About this task
An exact transcription of the entries is required, with none of the pictures carried over.

Records provided
+-------+

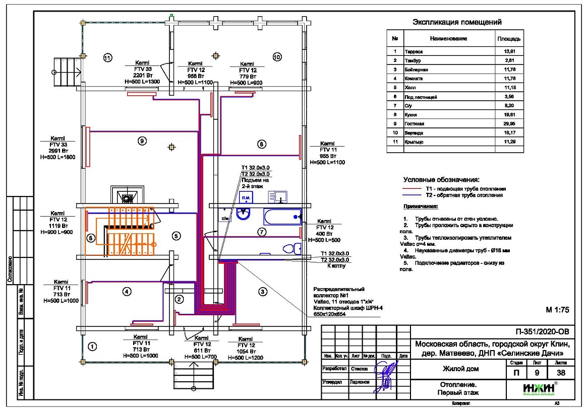 Стоимость проекта отопления водоснабжения и канализации дома в ДНП "Селинские Дачи"- 29 700 руб. со скидкой 10%, проект котельной бесплатно, объем проекта отопления 8 листов.
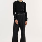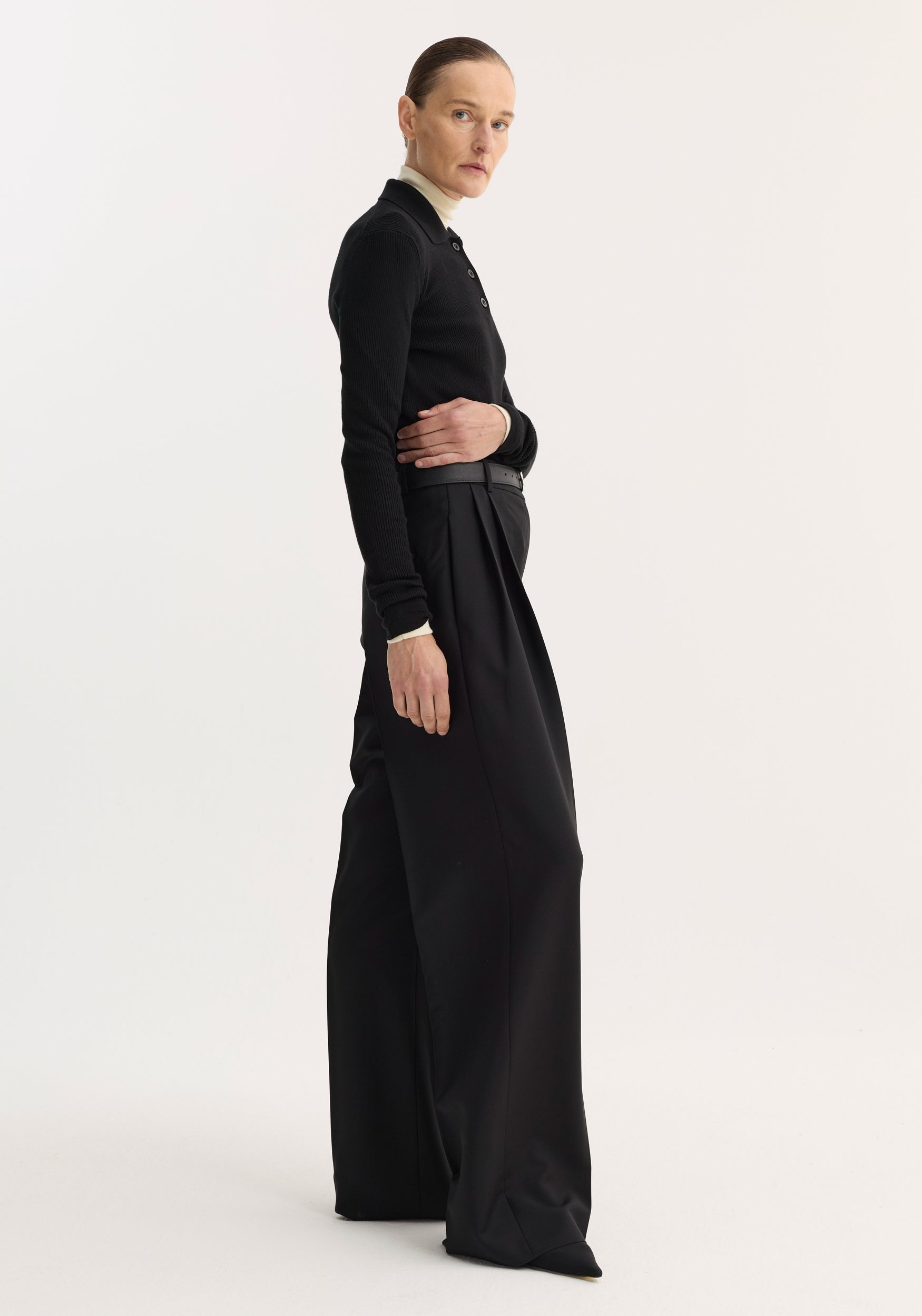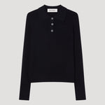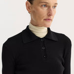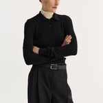 A ribbed black polo top crafted from a soft tencel–cotton blend. Designed with a fitted silhouette, long sleeves, and a classic three-button polo neckline for a refined wardrobe staple.
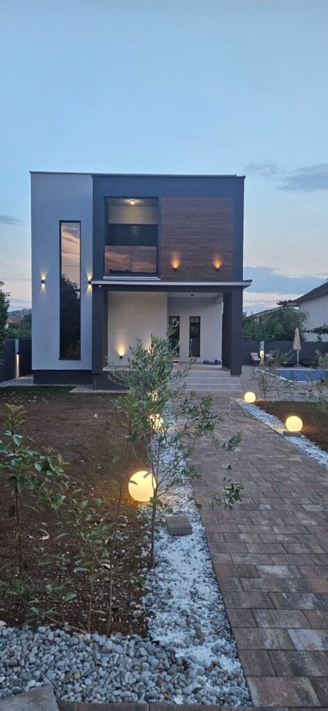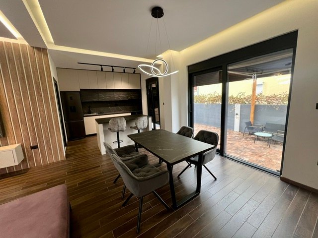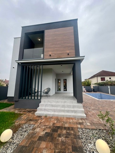Na prodaju luksuzno opremljena kuća u Donjoj Gorici. Kuća ima 150 m2, a nalazi se na placu površine 800 m2. Po strukturi je trosobna, veoma lijepog rasporeda. Na prizemlju kuće nalazi se prostrani dnevni boravak sa trpezarijom, potpuno opremljena kuhinja i kupatilo. Na prvom spratu su tri spavaće sobe, kupatilo, soba sa đakuzijem i balkon. Kuća je nova, neuseljavana i kompletno je opremljena modernim i novim namještajem. Posjeduje i bazen dimenzija 4×8 m, kao i lijepo uređeno dvorište. Prodajna cijena je 450.000,00e.
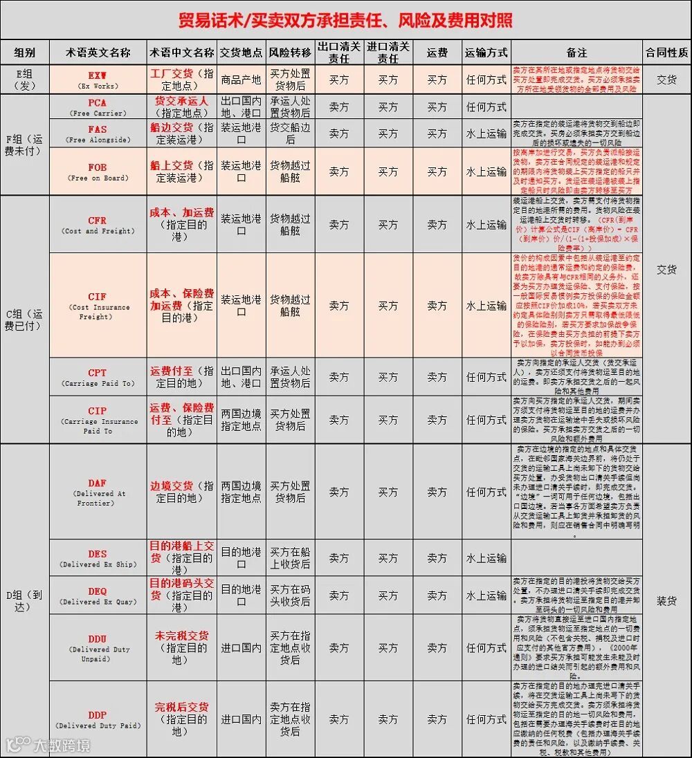 常见的贸易术语(交易方式)
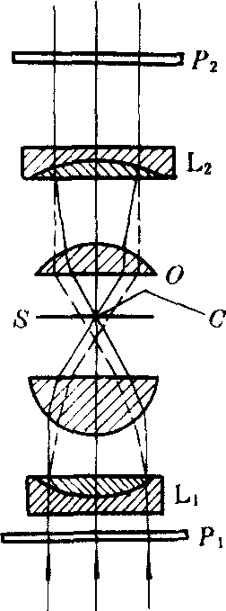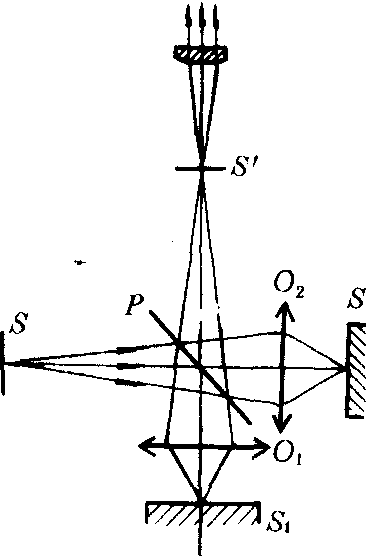 | 释义 | 干涉显微镜interference microscope根据光的衍射和干涉原理。使被检样品细节的光程差(或相位差)转化为明暗及色泽差别的显微镜。采用较多的干涉系统是照明光经起偏振器成偏振光,通过方解石将每一光束分成两束光,一束通过载玻片上的样品,另一束沿同样的光路,但不通过样品,再经一方解石将两束光合成一束光,最后用一偏振器将合成光转换到相同的偏振方向而产生干涉。其优点是能消除相差显微镜观察时常见的细节光晕,同时细节间不仅有明暗对比而且还具有色泽对比,并有一定的立体感。从单色光在透过标本后光程的延缓可以测定细节的干重(如蛋白质重量)、标本的厚度和标本的含水量,是细胞化学定量测定的方法之一。 干涉显微镜 干涉显微镜ganshe xiangweijing干涉仪和显微镜组合而成的一种测量仪器。可通过对双光束干涉条纹的观察和测定,对某些量进行精密的测量。按参加干涉的光束是经被测样品反射或透射的不同,可分为反射式和透射式两种类型。反射式干涉显微镜由迈克耳孙干涉仪发展而来,其光路原理如图1所示。由光源S发出的光束,经分光板P分为反射和透射两束光,其中反射光束射向被测样品表面S1,透射光束射向参考表面S2。由S1反射的光束通过物镜O1又透过P,在O1的焦平面S′上形成S1的像。由S2反射的光束通过与O1相同的物镜O2后又经P反射,在S′上也形成S2的像。构成两个像的二光束,在像的对应点上是相干的,可通过目镜观察干涉条纹的情况。透射式干涉显微镜有不同的实现方案,图2示出了一种称为双焦干涉显微镜的透射式干涉显微镜的光路原理。入射光经起偏器P1和双折射透镜L1分为不同会聚程度的两束光(分别用实线和虚线表示)。其中一束光通过被测样品S的一点C,另一束通过样品上以C为中心的一个圆形区域,其中每条光线受样品某些不均匀性的影响而产生不同的位相变化。这两束光再经物镜O、双折射透镜L2和检偏镜P2以后,在目镜焦平面上会合生成干涉图样,通过目镜进行观察。干涉显微镜是一种精密的测量仪器,在良好的条件下可测出λ/1300的光程差,因而广泛用于测量表面的粗糙度、表面刻痕的深度、表面镀膜的厚度、透明物体折射率的不均匀性、生物细胞的光学性质等。
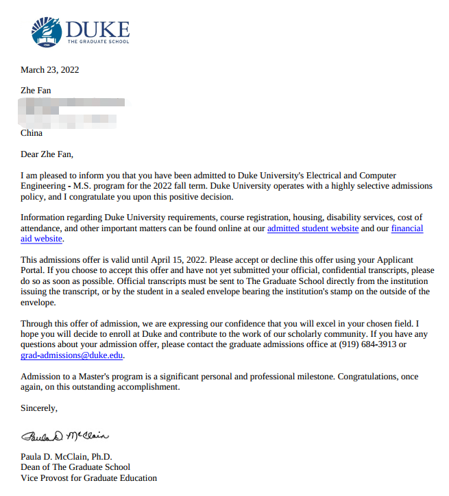 范哲同学大三时基于自身对于深度学习领域的强烈兴趣,主动进入张大伟教授团队实验室学习,在胡兴老师的指导下,他完成了诸多实验,科研思维以及代码能力也得到全方位的提升。此外,范哲同学还有两篇SCI论文(分别为一作和二作)正在审稿之中。他也以第一作者身份拥有已进入实质审核阶段的发明专利一项,同时获得过全国大学生数学建模竞赛本科组上海市二等奖等诸多奖项。目前,范哲同学已被美国杜克大学普莱特工程学院(Pratt School of Engineering)录取为硕士研究生,并被评为2022年度上海市优秀毕业生。
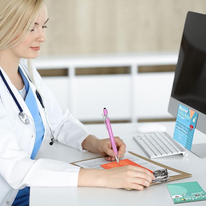 Geyee 24 Pcs Nurse Sticky Notes with Funny Pens Fun Notepads for Adults Coworkers Nurse 3 x 4 Inch to Do List Notepads with Sayings Pen for Lab Week Gifts Teacher Office Supplies
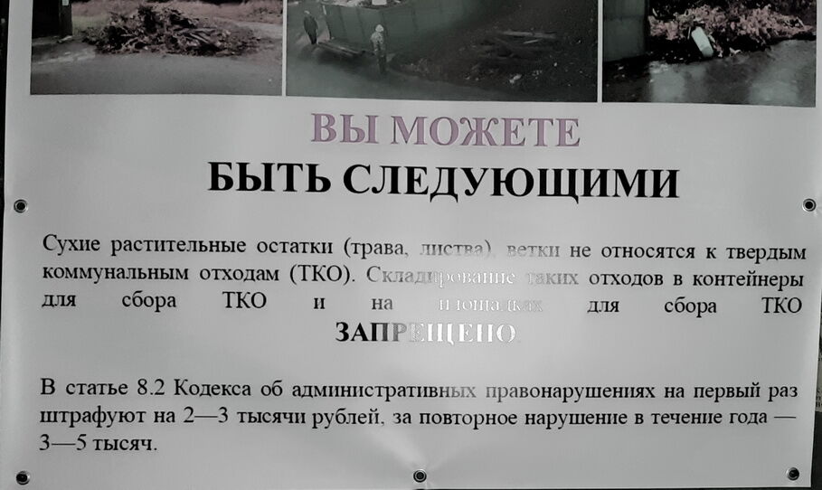 Поскольку сжигать все собранное, срезанное и спиленное, я считаю мероприятием вредным и опасным для здоровья, то с чистой совестью отвожу все это на ближайшую помойку, в чем, кстати, не одинок. И вот, доставив по месту разгрузки очередную партию того, что весной зеленело и расцветало, вижу вот такое объявление.
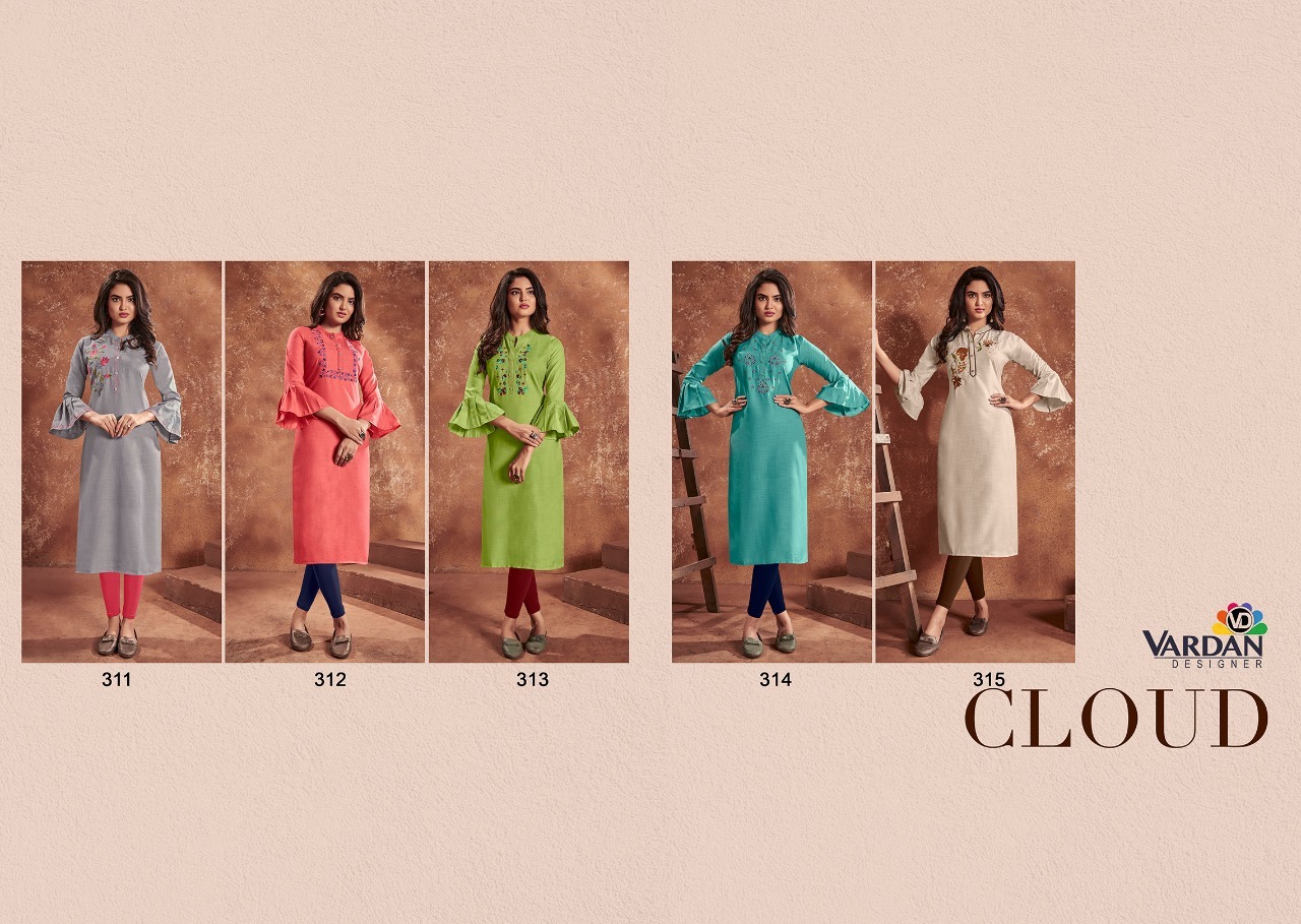 Cloud Kurti By Vardan Designer With Embroidery Work Cotton Kurtis Are Available At Wholesale Price
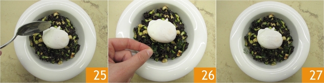 Répartissez le riz ainsi assaisonné dans les assiettes et posez sur chacune un œuf poché, en faisant très attention à ne pas le casser 25. Garnissez avec quelques brins de fenouil 26 et servez votre salade de riz avec herbes aromatiques et œuf mollet 27 !
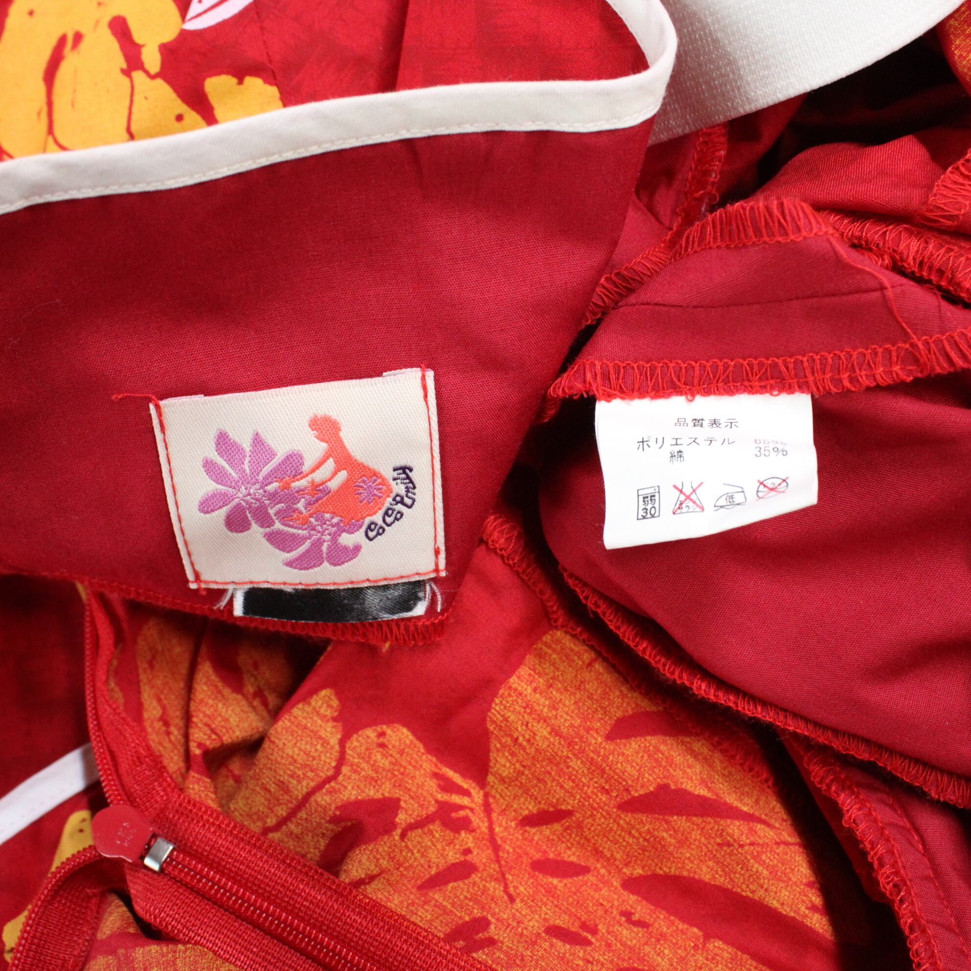【日本製 フラダンス衣装】レッド CoCoEmily ココエミリー ワンピース ドレス モンステラ柄 プルメリア柄 赤 黄 白 かわいい
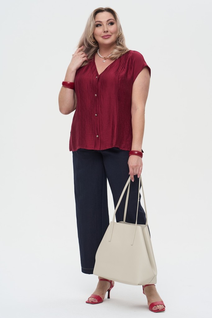 Состав: 80% Вискоза 20% Нейлон. Лаконичная блуза прямого силуэта в глубоком бордовом оттенке станет стильным и практичным дополнением вашего летнего гардероба. Модель выполнена из мягкого смесового по... Показать описаниелотна с благородной жатой фактурой («крэш-эффект»), которая придает изделию современный вид и делает его невероятно удобным в уходе. Благодаря дышащей ткани и расслабленному крою, блуза идеально подходит для создания комфортных повседневных образов в жаркую погоду. Конструктивные особенности: •Силуэт: Прямой свободный крой, обеспечивающий непринужденную посадку по фигуре и отличную циркуляцию воздуха. •Горловина: Элегантный V-образный вырез, плавно переходящий в аккуратную планку. •Застежка: Центральная застежка на аккуратные пуговицы в тон изделия, расположенные по всей длине передней полочки. •Рукав: Короткий цельнокроеный рукав со свободной проймой, подчеркивающий легкость и летний характер модели. •Линия талии: Свободная посадка, позволяющая носить блузу как навыпуск, так и в заправленном виде. •Линия низа: Ровная, с качественной финишной обработкой. Блуза идеально гармонирует с широкими брюками «Рибейро» в тон, создавая эффектный монохромный образ, или с контрастными темно-синими брюками для более сдержанного ансамбля. Подробное описание: https://www.intikoma.ru/catalog/vesna-leto-2026/85487/

+-------+

Answer area
 Стоимость проекта отопления водоснабжения и канализации дома в ДНП "Селинские Дачи"- 29 700 руб. со скидкой 10%, проект котельной бесплатно, объем проекта отопления 8 листов.
 A ribbed black polo top crafted from a soft tencel–cotton blend. Designed with a fitted silhouette, long sleeves, and a classic three-button polo neckline for a refined wardrobe staple.
Na prodaju luksuzno opremljena kuća u Donjoj Gorici. Kuća ima 150 m2, a nalazi se na placu površine 800 m2. Po strukturi je trosobna, veoma lijepog rasporeda. Na prizemlju kuće nalazi se prostrani dnevni boravak sa trpezarijom, potpuno opremljena kuhinja i kupatilo. Na prvom spratu su tri spavaće sobe, kupatilo, soba sa đakuzijem i balkon. Kuća je nova, neuseljavana i kompletno je opremljena modernim i novim namještajem. Posjeduje i bazen dimenzija 4×8 m, kao i lijepo uređeno dvorište. Prodajna cijena je 450.000,00e.
 常见的贸易术语(交易方式)
 | 释义 | 干涉显微镜interference microscope根据光的衍射和干涉原理。使被检样品细节的光程差(或相位差)转化为明暗及色泽差别的显微镜。采用较多的干涉系统是照明光经起偏振器成偏振光,通过方解石将每一光束分成两束光,一束通过载玻片上的样品,另一束沿同样的光路,但不通过样品,再经一方解石将两束光合成一束光,最后用一偏振器将合成光转换到相同的偏振方向而产生干涉。其优点是能消除相差显微镜观察时常见的细节光晕,同时细节间不仅有明暗对比而且还具有色泽对比,并有一定的立体感。从单色光在透过标本后光程的延缓可以测定细节的干重(如蛋白质重量)、标本的厚度和标本的含水量,是细胞化学定量测定的方法之一。 干涉显微镜 干涉显微镜ganshe xiangweijing干涉仪和显微镜组合而成的一种测量仪器。可通过对双光束干涉条纹的观察和测定,对某些量进行精密的测量。按参加干涉的光束是经被测样品反射或透射的不同,可分为反射式和透射式两种类型。反射式干涉显微镜由迈克耳孙干涉仪发展而来,其光路原理如图1所示。由光源S发出的光束,经分光板P分为反射和透射两束光,其中反射光束射向被测样品表面S1,透射光束射向参考表面S2。由S1反射的光束通过物镜O1又透过P,在O1的焦平面S′上形成S1的像。由S2反射的光束通过与O1相同的物镜O2后又经P反射,在S′上也形成S2的像。构成两个像的二光束,在像的对应点上是相干的,可通过目镜观察干涉条纹的情况。透射式干涉显微镜有不同的实现方案,图2示出了一种称为双焦干涉显微镜的透射式干涉显微镜的光路原理。入射光经起偏器P1和双折射透镜L1分为不同会聚程度的两束光(分别用实线和虚线表示)。其中一束光通过被测样品S的一点C,另一束通过样品上以C为中心的一个圆形区域,其中每条光线受样品某些不均匀性的影响而产生不同的位相变化。这两束光再经物镜O、双折射透镜L2和检偏镜P2以后,在目镜焦平面上会合生成干涉图样,通过目镜进行观察。干涉显微镜是一种精密的测量仪器,在良好的条件下可测出λ/1300的光程差,因而广泛用于测量表面的粗糙度、表面刻痕的深度、表面镀膜的厚度、透明物体折射率的不均匀性、生物细胞的光学性质等。
 范哲同学大三时基于自身对于深度学习领域的强烈兴趣,主动进入张大伟教授团队实验室学习,在胡兴老师的指导下,他完成了诸多实验,科研思维以及代码能力也得到全方位的提升。此外,范哲同学还有两篇SCI论文(分别为一作和二作)正在审稿之中。他也以第一作者身份拥有已进入实质审核阶段的发明专利一项,同时获得过全国大学生数学建模竞赛本科组上海市二等奖等诸多奖项。目前,范哲同学已被美国杜克大学普莱特工程学院(Pratt School of Engineering)录取为硕士研究生,并被评为2022年度上海市优秀毕业生。
 Geyee 24 Pcs Nurse Sticky Notes with Funny Pens Fun Notepads for Adults Coworkers Nurse 3 x 4 Inch to Do List Notepads with Sayings Pen for Lab Week Gifts Teacher Office Supplies
 Поскольку сжигать все собранное, срезанное и спиленное, я считаю мероприятием вредным и опасным для здоровья, то с чистой совестью отвожу все это на ближайшую помойку, в чем, кстати, не одинок. И вот, доставив по месту разгрузки очередную партию того, что весной зеленело и расцветало, вижу вот такое объявление.
 Cloud Kurti By Vardan Designer With Embroidery Work Cotton Kurtis Are Available At Wholesale Price
 Répartissez le riz ainsi assaisonné dans les assiettes et posez sur chacune un œuf poché, en faisant très attention à ne pas le casser 25. Garnissez avec quelques brins de fenouil 26 et servez votre salade de riz avec herbes aromatiques et œuf mollet 27 !
【日本製 フラダンス衣装】レッド CoCoEmily ココエミリー ワンピース ドレス モンステラ柄 プルメリア柄 赤 黄 白 かわいい
 Состав: 80% Вискоза 20% Нейлон. Лаконичная блуза прямого силуэта в глубоком бордовом оттенке станет стильным и практичным дополнением вашего летнего гардероба. Модель выполнена из мягкого смесового по... Показать описаниелотна с благородной жатой фактурой («крэш-эффект»), которая придает изделию современный вид и делает его невероятно удобным в уходе. Благодаря дышащей ткани и расслабленному крою, блуза идеально подходит для создания комфортных повседневных образов в жаркую погоду. Конструктивные особенности: •Силуэт: Прямой свободный крой, обеспечивающий непринужденную посадку по фигуре и отличную циркуляцию воздуха. •Горловина: Элегантный V-образный вырез, плавно переходящий в аккуратную планку. •Застежка: Центральная застежка на аккуратные пуговицы в тон изделия, расположенные по всей длине передней полочки. •Рукав: Короткий цельнокроеный рукав со свободной проймой, подчеркивающий легкость и летний характер модели. •Линия талии: Свободная посадка, позволяющая носить блузу как навыпуск, так и в заправленном виде. •Линия низа: Ровная, с качественной финишной обработкой. Блуза идеально гармонирует с широкими брюками «Рибейро» в тон, создавая эффектный монохромный образ, или с контрастными темно-синими брюками для более сдержанного ансамбля. Подробное описание: https://www.intikoma.ru/catalog/vesna-leto-2026/85487/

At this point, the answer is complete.